Peran Iwol dan Dewan Adat Aplim Apom Sibilki dalam Penyelesaian Sengketa Tanah Ulayat di Distrik Oksibil Kabupaten Pegunungan Bintang Provinsi Papua
Main Author: | Uropmabin, Muner E. |
---|---|
Other Authors: | Budhayati, Chistiana Tri |
Format: | Thesis application/pdf |
Bahasa: | ind |
Terbitan: |
Program Studi Ilmu Hukum FH-UKSW
, 2019
|
Subjects: | |
Online Access: |
http://repository.uksw.edu/handle/123456789/17526 |
Daftar Isi:
- Skripsi ini membahas mengenai “Peran Iwol dan Dewan Adat Aplim Apom Sibilki Dalam Penyelesaian Sengketa Tanah Ulayat Di Distrik Oksibil Kabupaten Pegunungan Bintang Provinsi Papua”. Dari hasil penelitian ini di peroleh dua jenis sengketa yang terjadi di Oksibil Kabupaten Pegunungan Bintang yakni sengketa horizontal dan sengketa vertikal.

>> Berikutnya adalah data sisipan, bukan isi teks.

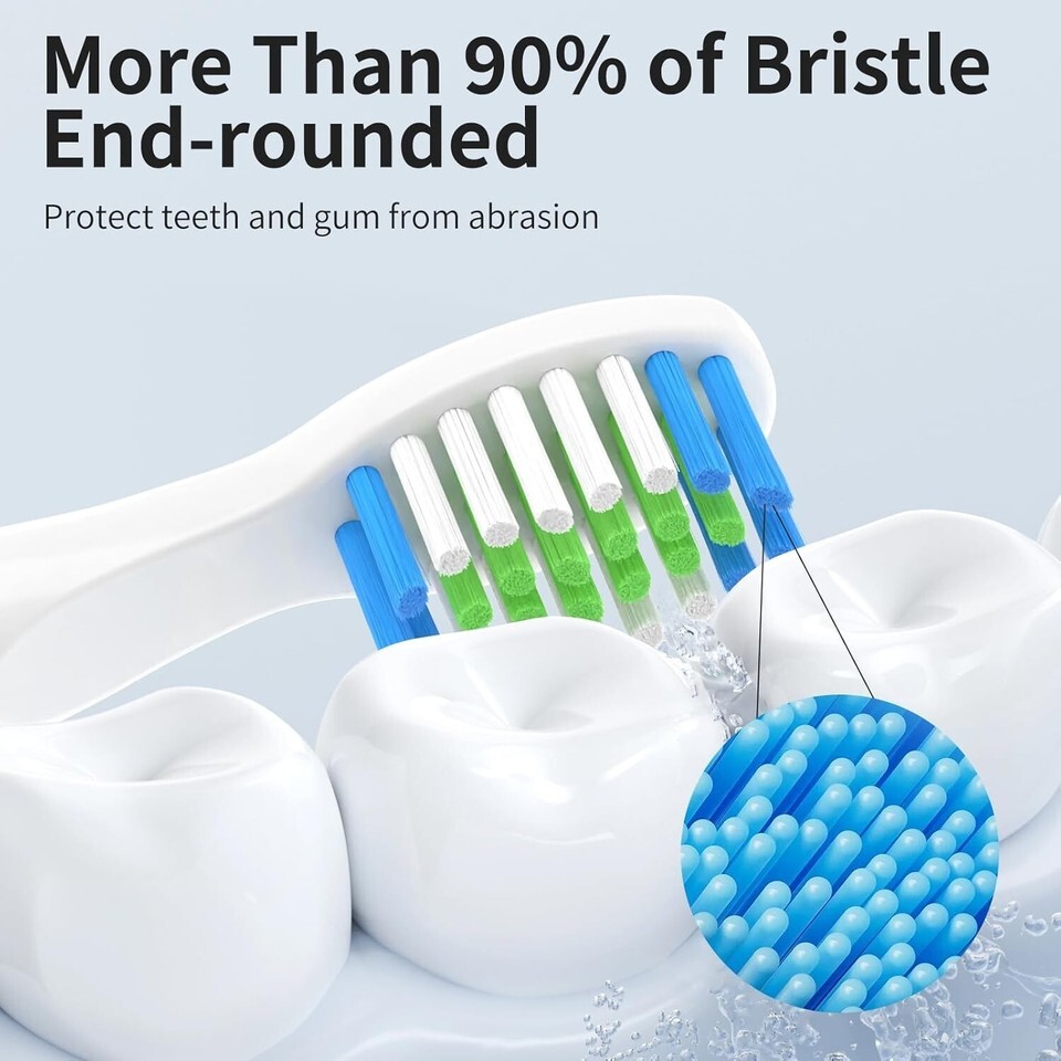 The rounded tops of 95%-98% of the bristles ensure teeth protection while brushing in high vibration.

Sengketa horizontal adalah sengketa antara masyarakat dan masyarakat. Faktor penyebab sengketa horisontal adalah pengakuan sepihak atas tanah ulayat sehingga terjadi konflik di antara masyarakat adat setempat. Sengketa semacam ini di selesaikan oleh otoritas Iwol sebagai Mediator/ pihak ke tiga yang memfasilitasi ke dua bela pihak untuk melakukan mediasi. Sengketa Vertikal adalah sengketa atas tanah ulayat oleh masyarakat dan pemerintanh Kabupaten Pegunungan Bintang. Foktor penyebab terjadinya sengketa vertikal adalah ketidak konsistenan pemerintah dalam memberikan ganti kerugian atas tanah ulayat sehingga masyarakat menunutut agar pihak pemerintah segera membayar unag rekognisi/ uang ucapan terimakasih kepada masyarakat. Sengketa semacam ini dapat di selesaikan oleh Dewan Adat AplimApom Sibilki sebagai mediator atau pihak ke tiga yang memfasilitasi ke dua belah pihak dalam menyelesaikan sengketa. Peran Iwol dan Dewan Adat Aplim Apom Sibilki sangat terbuka dalam menangani berbagai masalah hukum di Kabupaten Pegunungan Bintang. Salah satu tugas utama dari kedua lembaga ini adalah menyelesaikan sengketa tanah ulayat dengan cara mediasi. Cara penyelesaian sengketa tanah ulayat yang di lakukan oleh kedua lembaga tersebut adalah mempertemukan para pihak yang bersengketa untuk melakukan perundingan di Abib Tilbon (di lapangan terbuaka di tengah perkampungan), di saksikan oleh seluruh masyarakat setempat. Sehingga keputusan yang di ambil oleh kedua belah pihak merupakan keputusan yang sah. Setelah para pihak bersepakat dengan keputusanya, di akhiri dengan acara bakar batu dan makan gemuk babi bersama sebagai simbol perdamaian.